(Task instructions) Output range, inclusive: from the line containing "エレガントなメンズ仕立ての前開きタイプ/ビズポロ・長袖レディースニットシャツ" to the line containing "某工程随工合同约定根据价格调". Restate those lines from the data below word for word and only those.

(Source data)
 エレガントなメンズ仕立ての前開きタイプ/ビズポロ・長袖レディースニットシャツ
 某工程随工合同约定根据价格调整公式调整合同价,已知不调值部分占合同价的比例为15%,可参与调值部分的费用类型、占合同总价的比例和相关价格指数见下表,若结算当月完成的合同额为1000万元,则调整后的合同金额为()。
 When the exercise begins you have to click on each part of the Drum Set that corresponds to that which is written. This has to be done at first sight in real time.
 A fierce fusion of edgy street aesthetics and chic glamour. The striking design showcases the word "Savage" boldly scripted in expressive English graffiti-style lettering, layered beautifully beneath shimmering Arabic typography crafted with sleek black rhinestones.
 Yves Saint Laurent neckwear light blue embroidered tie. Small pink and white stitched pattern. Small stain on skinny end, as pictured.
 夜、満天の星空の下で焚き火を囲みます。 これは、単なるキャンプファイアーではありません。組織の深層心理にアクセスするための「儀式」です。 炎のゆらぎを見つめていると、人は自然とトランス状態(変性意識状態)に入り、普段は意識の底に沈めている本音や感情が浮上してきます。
...
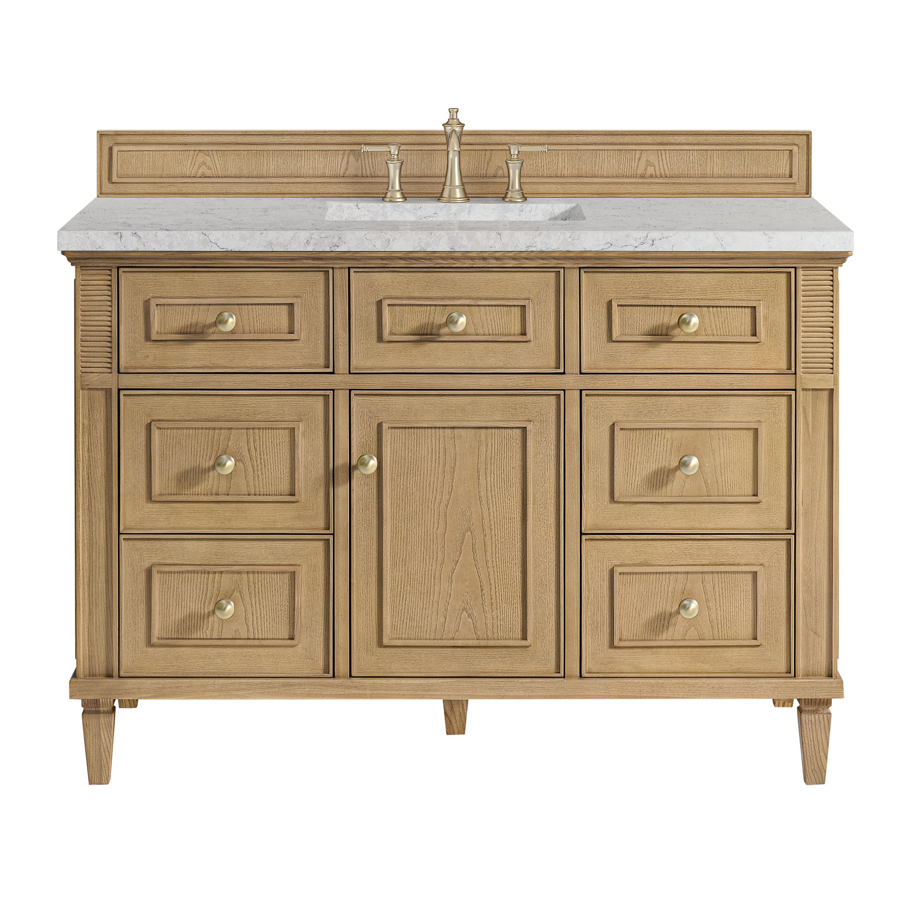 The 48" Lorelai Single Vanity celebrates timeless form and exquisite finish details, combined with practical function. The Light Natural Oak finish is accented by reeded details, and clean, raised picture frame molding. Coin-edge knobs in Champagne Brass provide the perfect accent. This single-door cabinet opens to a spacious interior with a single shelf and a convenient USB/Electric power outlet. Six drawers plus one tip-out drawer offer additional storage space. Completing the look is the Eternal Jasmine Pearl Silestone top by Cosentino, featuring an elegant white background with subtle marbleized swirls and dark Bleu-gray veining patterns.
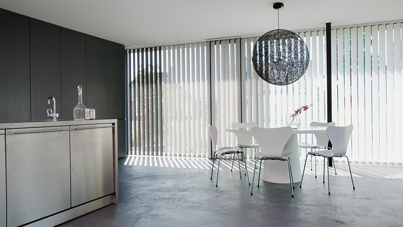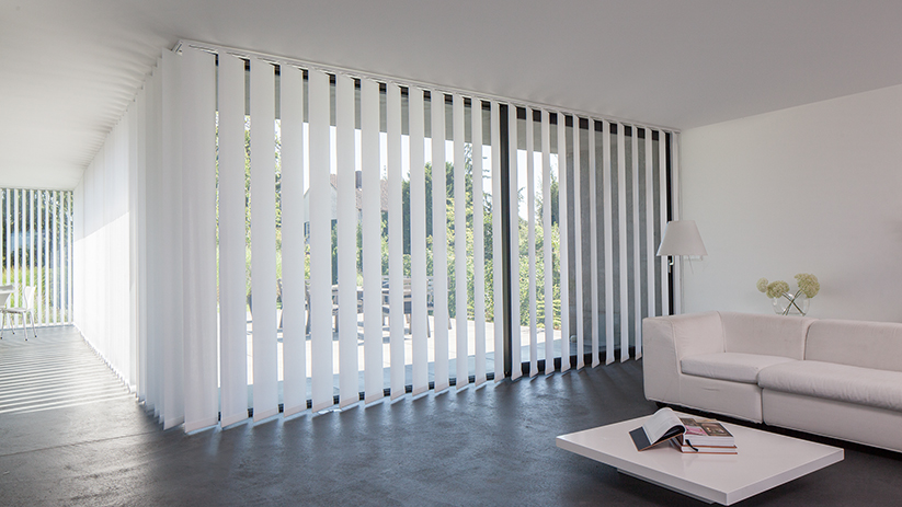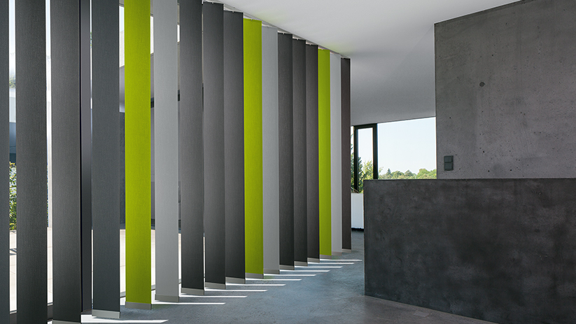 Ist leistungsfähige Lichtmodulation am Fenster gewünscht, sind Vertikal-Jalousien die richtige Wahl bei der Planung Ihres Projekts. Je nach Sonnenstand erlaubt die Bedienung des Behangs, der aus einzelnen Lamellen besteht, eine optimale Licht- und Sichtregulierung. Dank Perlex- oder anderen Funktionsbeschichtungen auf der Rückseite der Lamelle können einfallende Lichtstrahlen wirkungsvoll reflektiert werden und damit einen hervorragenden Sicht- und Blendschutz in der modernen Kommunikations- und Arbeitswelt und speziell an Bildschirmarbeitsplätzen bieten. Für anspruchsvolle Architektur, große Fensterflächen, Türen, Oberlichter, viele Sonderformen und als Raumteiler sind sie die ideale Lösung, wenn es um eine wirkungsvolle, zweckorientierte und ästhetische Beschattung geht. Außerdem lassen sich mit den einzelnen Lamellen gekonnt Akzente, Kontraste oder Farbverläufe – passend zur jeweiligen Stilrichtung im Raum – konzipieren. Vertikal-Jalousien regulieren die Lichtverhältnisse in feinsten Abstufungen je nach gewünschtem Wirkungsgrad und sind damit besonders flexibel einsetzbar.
==
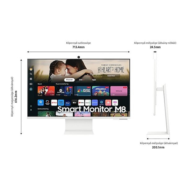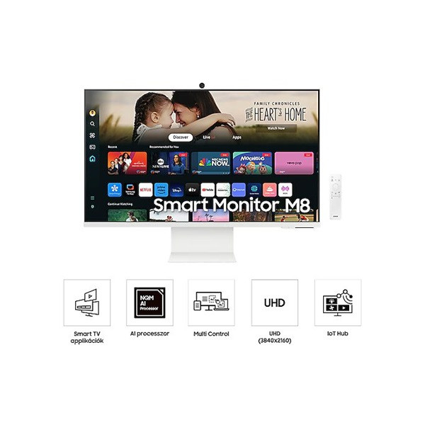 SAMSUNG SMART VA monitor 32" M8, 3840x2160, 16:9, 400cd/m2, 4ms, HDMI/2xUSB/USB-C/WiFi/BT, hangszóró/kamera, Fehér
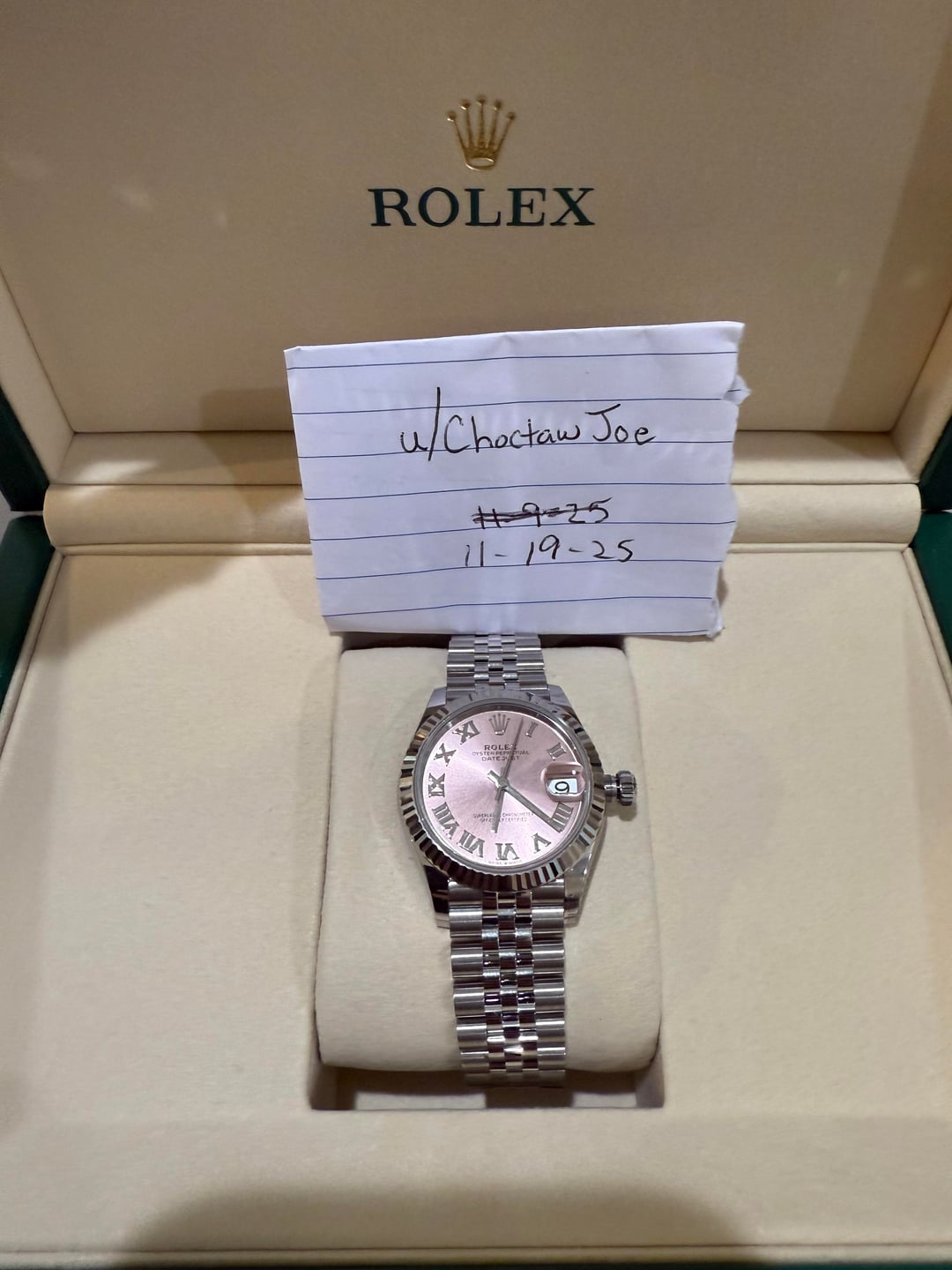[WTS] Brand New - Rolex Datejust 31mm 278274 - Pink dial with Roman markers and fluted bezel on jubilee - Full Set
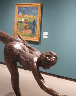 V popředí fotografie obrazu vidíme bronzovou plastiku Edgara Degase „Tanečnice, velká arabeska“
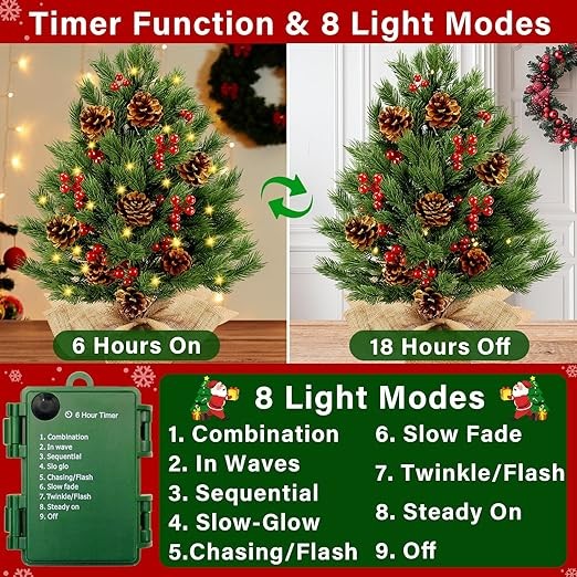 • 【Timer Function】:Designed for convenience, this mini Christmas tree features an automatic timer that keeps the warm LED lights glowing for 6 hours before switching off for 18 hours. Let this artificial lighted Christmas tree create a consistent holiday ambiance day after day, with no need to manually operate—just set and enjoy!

(Your solution)
 エレガントなメンズ仕立ての前開きタイプ/ビズポロ・長袖レディースニットシャツ
 某工程随工合同约定根据价格调整公式调整合同价,已知不调值部分占合同价的比例为15%,可参与调值部分的费用类型、占合同总价的比例和相关价格指数见下表,若结算当月完成的合同额为1000万元,则调整后的合同金额为()。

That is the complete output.